With this part of the brain you would have turned the words on the page into pictures in your head. And your imagination would have been very good at doing this because you would have made it do an awful lot of this kind of work. You would therefore have found it easy to take long complicated books (by the likes of Sir Walter Scott and Charles Dickens and William Makepeace Thackeray) and turn the words that were on the page into marvelous flickering images inside you skull.

In the twentieth century all changed. First came the cinema which did surprisingly little damage to the imagination and then came television and that’s when the rot set in. Television in the west (and it is the West and in particular the British Isles I’m talking about) has given people access to what they used to get from books, especially novels.

If you are in a housewife in Bath today (assuming she exists, this wife of Bath) you don’t have to go to the bother of reading (which requires effort) if you want to find out about the world because you can now find out everything you could possibly want from television or latterly the internet.

There is and there has been an awful lot of good television (as well as a lot of rubbish) and as far providing information goes, it’s done a reputable and commendable job. However, television has had two deleterious effects. One, because it provides the pictures that the imagination used to provide, we don’t exercise our imaginations anything like as much as we once did. The result is that our imaginations have grown flabby and lazy and ineffective and defective. This means that it is therefore that much harder to extract images and narrative sustenance from a book than would have been case with our ancestors. They could roar through one hundred thousand words in a few hours and get a stream of marvelous images as a reward. But we can’t do that anymore. For us, generally, it’s hard work steaming through a book and we get a headache. How much easier to turn on the box and let what ever is showing stream into our brain.

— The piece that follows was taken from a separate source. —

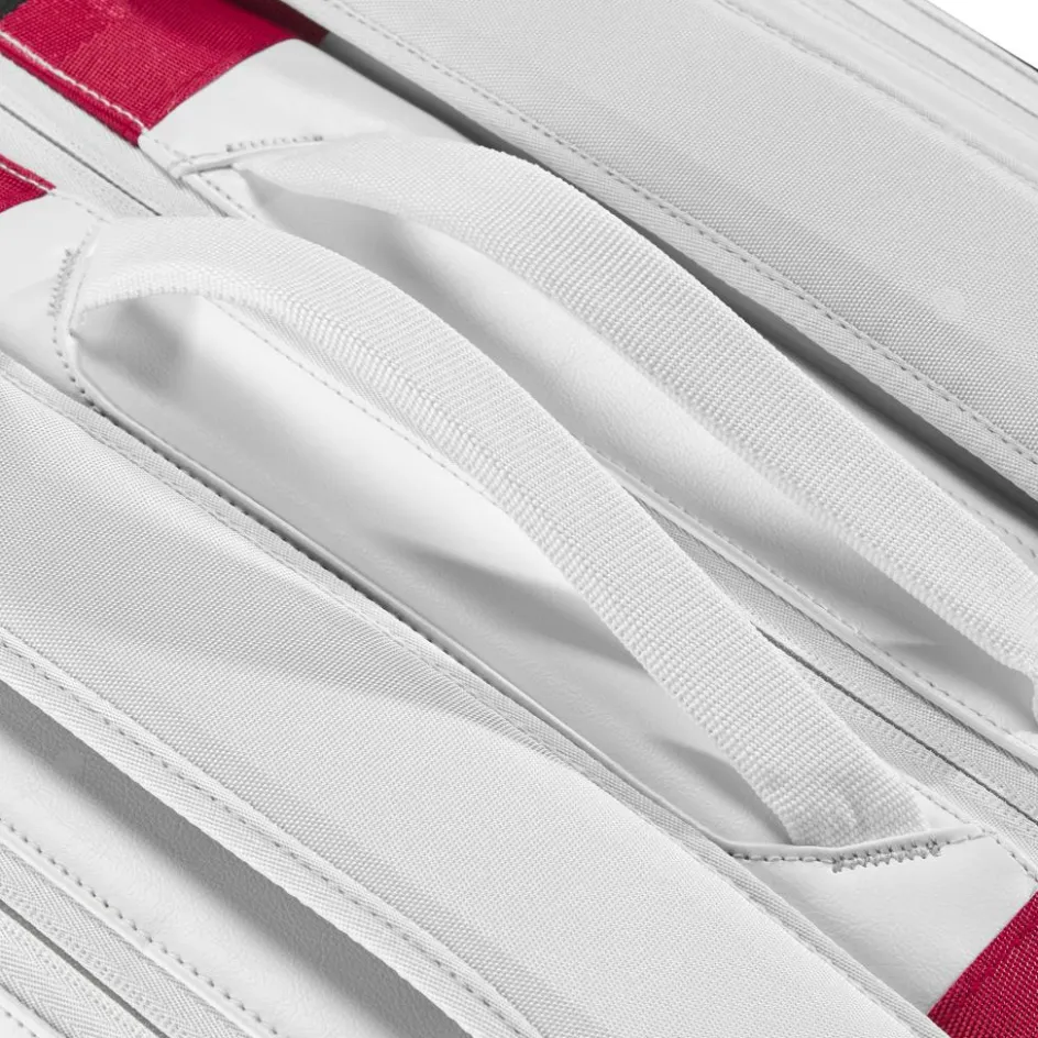 De Wilson Courage Collection 15 tennistas is geïnspireerd door de Olympische Spelen van 2024 in Parijs en Wilson’s 110-jarig jubileum. Deze tas biedt plaats aan maximaal 15 tennisrackets met drie ruime hoofdvakken. De tas is uitgerust met het Dual Carrying System, een geventileerd schoenenvak, Thermoguard racketvakken en twee ruime zijvakken met ritssluiting, voor extra functionaliteit en duurzaamheid. Het verstevigde materiaal garandeert extra lange levensduur.
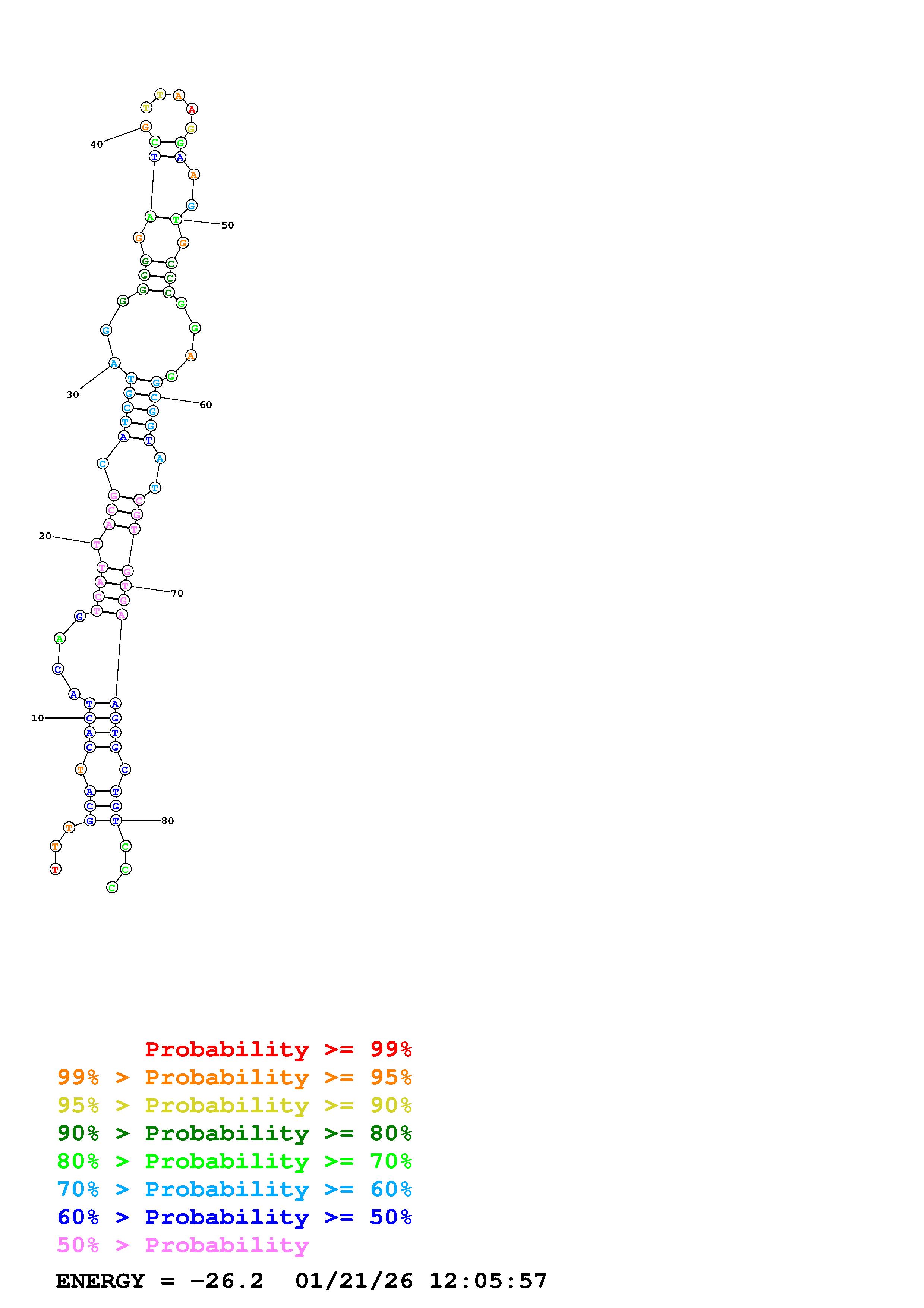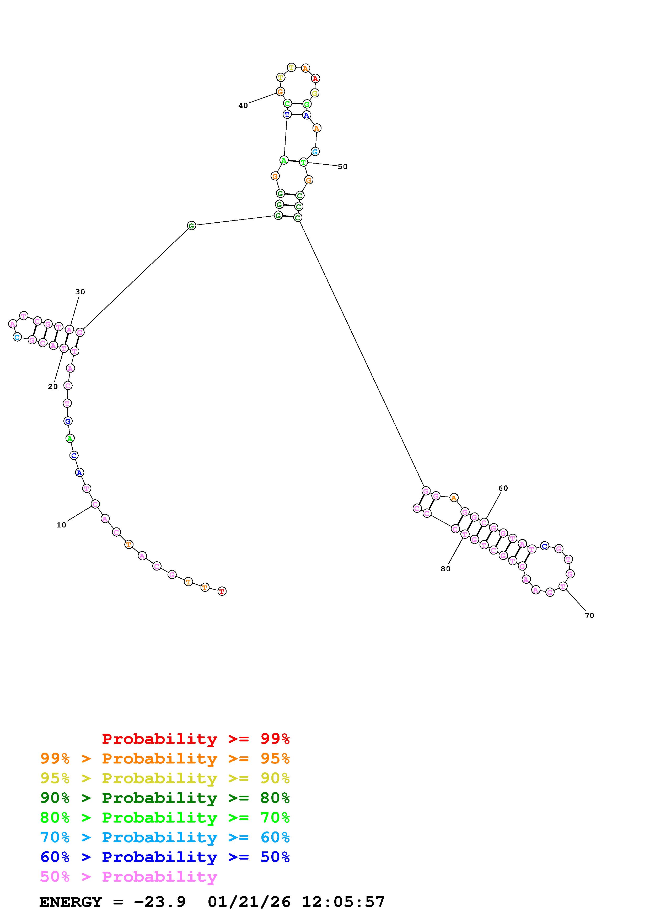 Fold Predict1.fasta Fold.ct --loop 30 --maximum 20 --percent 10 --temperature 298 --window 3

The other, deleterious effect of television is that it has made us suspicious, especially of fiction. Television (and the internet) has shown us just about everything that anyone on this planet has done, or has thought about doing, or would like to do. Everything. As a result fiction, in comparison, has started to look pretty pale and sad and paltry and inadequate. Fiction, we have discovered, has never been as rich and surprising as real life. That in itself, a melancholy discovery, has, in turn, undermined our collective respect for fiction writers. We always thought that novelists were telling us the most extreme things about human experience. What we discovered was that that wasn’t true. Television showed us things were much more extreme than novelists had ever told us.

And from that, in turn, has sprung the new appetite, for stories that are true, for stories that really happened, that are authentic, and that have behind them, real people and real experiences. Readers want that and publishers love that. There’s no better way to sell a book than to wheel out the writer of that book and have them say, on television, everything in my book is true. It happened to me. It happened to my wife. It happened to whom ever.

I am writer and if I have to write non-fiction to earn a living then I will write non-fiction. But I’m not happy with how things have developed. A story, a made up story will put you into a trance if its half decent and you will lose yourself in the pictures that you create inside your head as you read. There’s no greater pleasure than to lose yourself in a story (and it may even be better than sex). Now, to be sure, when we read non-fiction, we also make pictures in our head, but very few non-fiction books will transport you like a novel. You just don’t lose yourself in non-fiction like you do in fiction.

The other problem with non-fiction, of course, is how bogus so much of it is. So much of it is fiction, or quasi fiction masquerading as non-fiction. I believe non-fiction writers have a duty to try to tell the truth. Sadly, in case after case, they lie, conflate, suppress, omit or invent. And this brings me to perhaps the strangest part of this whole story. Novels, which are lies, and which are sold as lies, and marketed as lies, and which everyone knows are invented, are in decline but non-fiction, which is supposed to be the truth, or some sort of truth, is in the ascendant yet much of it is as invented as the fiction it has usurped.

And by this fact do we know that truly the world is mad.